A review of the entire record on appeal reflects that Matrut’s evidence of Mustafa’s failure to pay his salary and writing bad checks was evidence to support his claim that Mustafa failed to perform his promise to pay on a loan and Matrut’s reliance on this promise to his detriment. This evidence did not present a separate unpled theory of fraud. At trial, Matrut testified that, during his employment, Mustafa asked Matrut to loan him money by allowing him to pay the salary that Matrut had earned at a later date, and that he loaned Mustafa over $10,600. Matrut testified that Mustafa promised to repay the loan at a later date. Matrut testified that Mustafa never repaid him as promised. Matrut testified that, instead, Mustafa continued to give him checks on accounts with insufficient funds.
On appeal, Mustafa states that the testimony was “nearly indecipherable,” “perhaps due to language barriers.” Mustafa argues that from Matrut’s trial testimony “it is completely unclear . . . whether Mustafa’s alleged indebtedness to Matrut stemmed from a loan that Mustafa did not repay to Matrut . . . or failure by Mustafa to pay wages owed to Matrut.” Contrary to Mustafa’s arguments, Matrut’s testimony that the $10,600 claimed as fraud damages came from his unpaid salary from Mustafa does not constitute evidence of an unplead failure to pay wages theory of fraud. It is undisputed that Matrut also testified that he agreed to allow Mustafa to keep the salary that Matrut had earned as a loan, in exchange for Mustafa’s promise to repay the amount. The source of the loaned funds does not change the character of the claim. This dispute arises from Mustafa’s failure to keep his promise to pay on a loan and Matrut’s reliance on this promise to his detriment.
Likewise, we also conclude that Matrut’s evidence of Mustafa’s writing checks with insufficient funds is not evidence of an unpled theory of fraud, but rather evidence indicating Mustafa’s intent to defraud Matrut because he had no intention of repaying the loan. The promise underlying his fraud claim was Mustafa’s promise to repay the loan and the unpaid checks were evidence of Mustafa’s intent not to perform as promised.
Finally, contrary to Mustafa’s arguments on appeal, the pretrial discovery in this case reflects that he was not “ambushed” by the presentation of the unpaid checks at trial as evidence of his intent not to pay the loans. Instead, bank records were a central issue to the case. In fact, Mustafa produced bank records for several of his accounts during discovery. Accordingly, we overrule Mustafa’s third issue.

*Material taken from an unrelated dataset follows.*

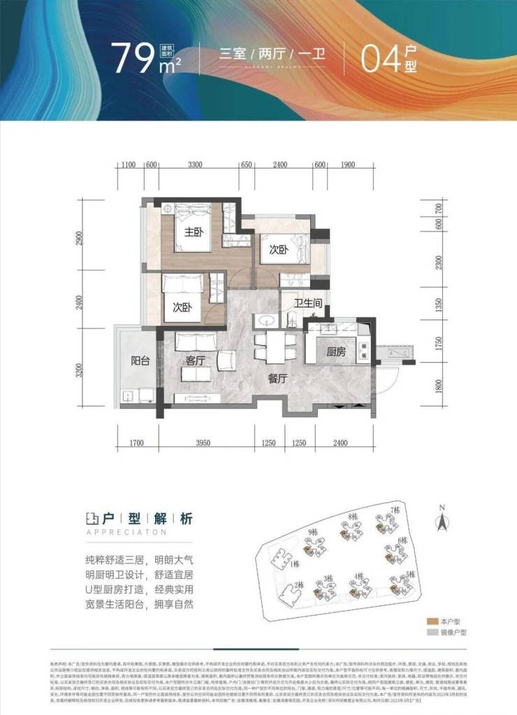 建面约79㎡ 3房2厅1卫:南北通透3房,功能分区合理,全凸窗设计,三分离卫生间

B. Unpled Basis for Damages
In his fourth issue, Mustafa argues that, since the “trial court erred in submitting jury question number one in broad form over [Mustafa’s] objection,” it also erred by not submitting a separate damage question for Matrut’s failure to pay wages theory of fraud. As we held above, the trial court did not err in submitting a broad form question in this case because Matrut did not advance an unplead theory of fraud based on Mustafa’s failure to pay Matrut’s wages. Instead, he pled and recovered upon a claim that Mustafa committed fraud by inducing Matrut to loan him money when he had no intention of repaying the money. Accordingly, we hold that the trial court was not required to submit a separate damage question on a theory of fraud based on the failure to pay wages. Accordingly, we overrule Mustafa’s fourth issue.

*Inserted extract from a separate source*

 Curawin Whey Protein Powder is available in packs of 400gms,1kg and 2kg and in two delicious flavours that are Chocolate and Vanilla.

C. Sufficiency of the Evidence
In his first and second issues on appeal, Mustafa challenges the legal and factual sufficiency of the evidence to support the finding of fraud. Specifically, he contends that the evidence is legally and factually insufficient to show that, at the time he promised to repay Matrut, he did not intend to fulfill his promise.
1. Elements of Fraud
The elements of fraud are: (1) a material misrepresentation was made; (2) the representation was false; (3) when the representation was made, the speaker knew it was false or made the statement recklessly without any knowledge of the truth; (4) the speaker made the representation with the intent that the other party should act on it; (5) the party acted in reliance on the representation; and (6) the party thereby suffered injury. Formosa Plastics Corp. USA v. Presidio Eng’rs & Contractors, Inc., 960 S.W.2d 41, 47 (Tex. 1998). In his first and second issue, Mustafa argues the evidence is legally and factually insufficient to prove that the third element of fraud listed above.
“A promise of future performance constitutes an actionable misrepresentation if the promise was made with no intention of performing at the time it was made.” Id. at 48 (citing Schindler v. Austwell Farmers Coop., 841 S.W.2d 853, 854 (Tex. 1992)). Intent to defraud is “not usually susceptible to direct proof.” Tony Gullo Motors I, L.P. v. Chapa, 212 S.W.3d 299, 305 (Tex. 2006). Evidence of a party’s failure to perform a promise and the denial of making the promise are factors that may be considered as establishing fraudulent intent but, without more, such evidence is not legally sufficient to establish that the promise was made with no intention of performing at the time it was made. Id.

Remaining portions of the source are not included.